We're going Chinese today, ala Korean style. For lunch is tang bok bab (탕볶밥), which is a combo of fried rice and sweet sour pork.

The name itself is a combination of tang soo yuk (탕수육 - sweet sour pork) and bokeum bab (볶음밥 - fried rice). Combos like these are popular and on any typical chinese menu you'll find a combination of these 4 items:
- bokeum bab (볶음밥 - fried rice)
- tang soo yuk (탕수육 - sweet sour pork)
- jajang myeon (짜장면 - jajang noodles)
- jjam pong (짬뽕 - seafood noodles)

Needless to say, you don't necessarily have to order them in combination and can have each of these on its own. So instead of half and half, you get a full portion.

This is the tang bok bab. KRW6,500.

The side dishes are pretty standard as far as chinese takeouts go. You get the kimchi, yellow-coloured radish pickes, pungent large onions and a thick black gooey paste which tastes indescribably awesome. Anyone knows what sauce this is? My tastebuds sense some prawns/shrimp in it, but I could be horribly wrong. Do tell .....

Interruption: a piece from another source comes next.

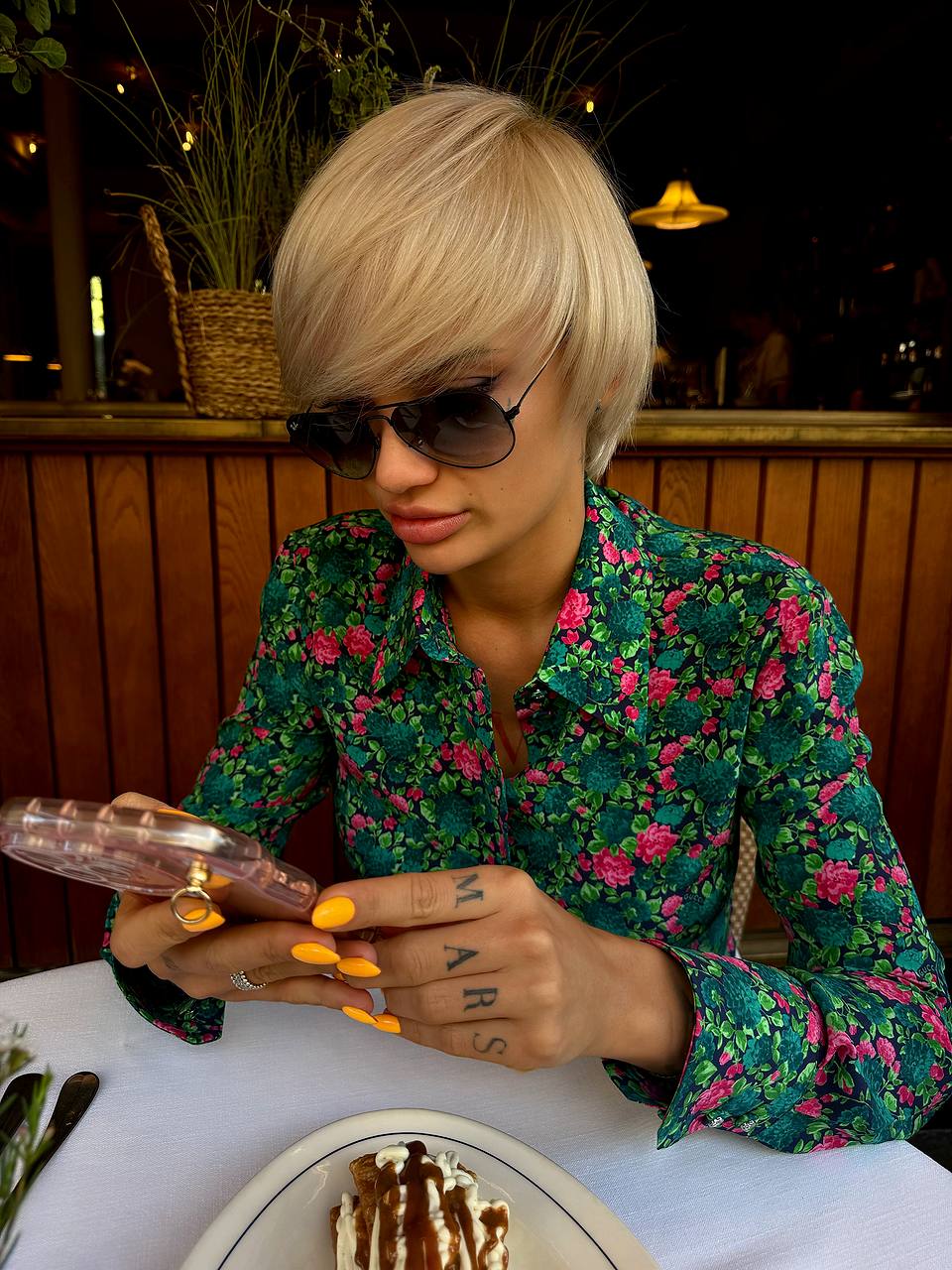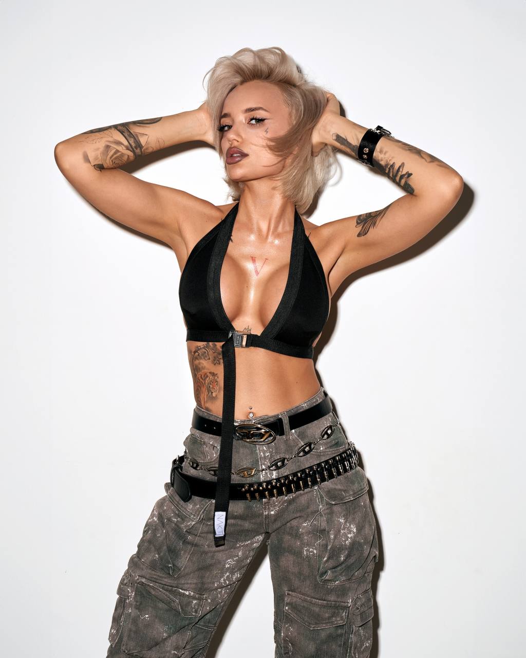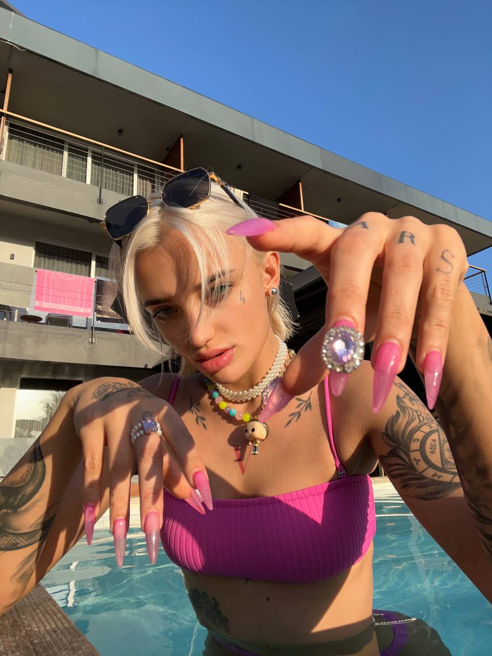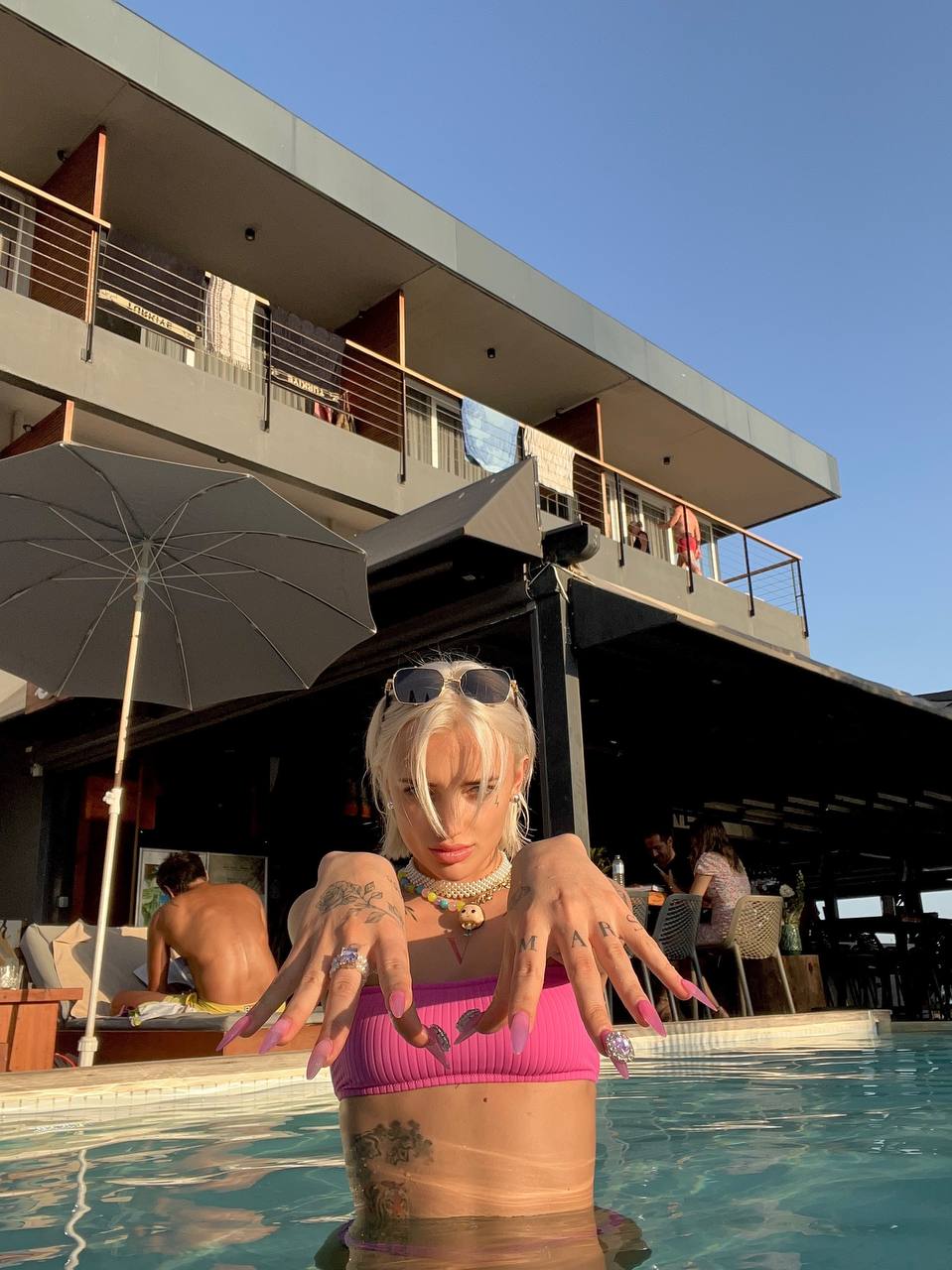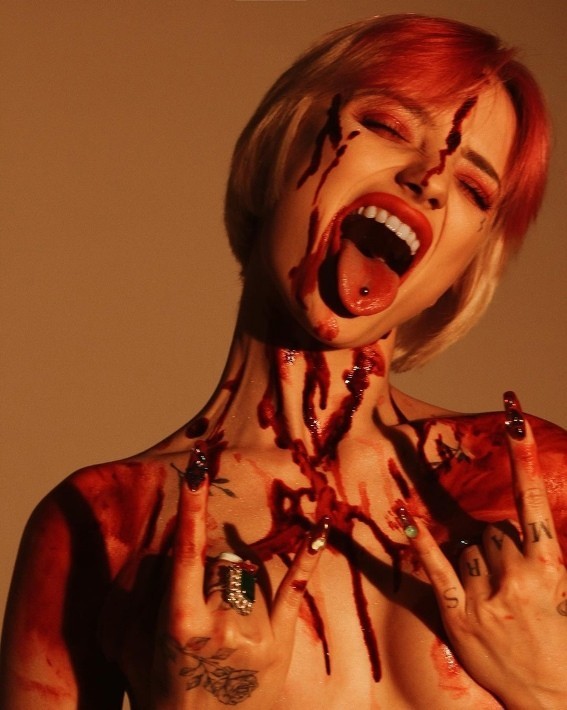 - Марсиага привлекает внимание публики своей экзотической внешностью, которую подчёркивает яркой окраской волос и татуировками.

The complimentary soup is a spicy cabbage soup. Tastes pretty much like what you'd find in a packet of Korean instant noodles.

The combo of fried rice and sweet sour pork.

The fried rice is simpe but delicious. It's got some minced pork, diced carrots, garlic, onions, eggs and seasoned with light soya sauce and sesame oil. It comes with spoonfuls of jajang sauce (that's the black sauce in the photo) and topped with sesame seeds and an omellette+carrots+cucumber+crabstick.

The sweet sour pork is universally well known by now. In Korea, they're not exactly "cheap food" by any standard and can cost between KRW10,000 to KRW20,000 per plate at most sit-down chinese restaurants.

Pork fillet strips are marinated, floured and then deep fried in hot oil and set aside. A sweet sour sauce made with tomato puree, vinegar, sugar, onions, carrots, cucumber and fungi mushroom and thickened with corn starch is then poured onto the pork strips.

I must admit that I've had better sweet sour pork than the ones I had today. The pork strips just weren't crispy enough and the sauce is somewhat bland and lacked the "oomph" needed. There was just no kick to it. I know Korea can do better as I've had some pretty awesome sweet sour pork in a couple of Seoul's restaurants. Maybe I'll try from elsewhere next time, hopefully with better results and blog it for you guys.

So concluding for today - fried rice nice sweet sour pork not so.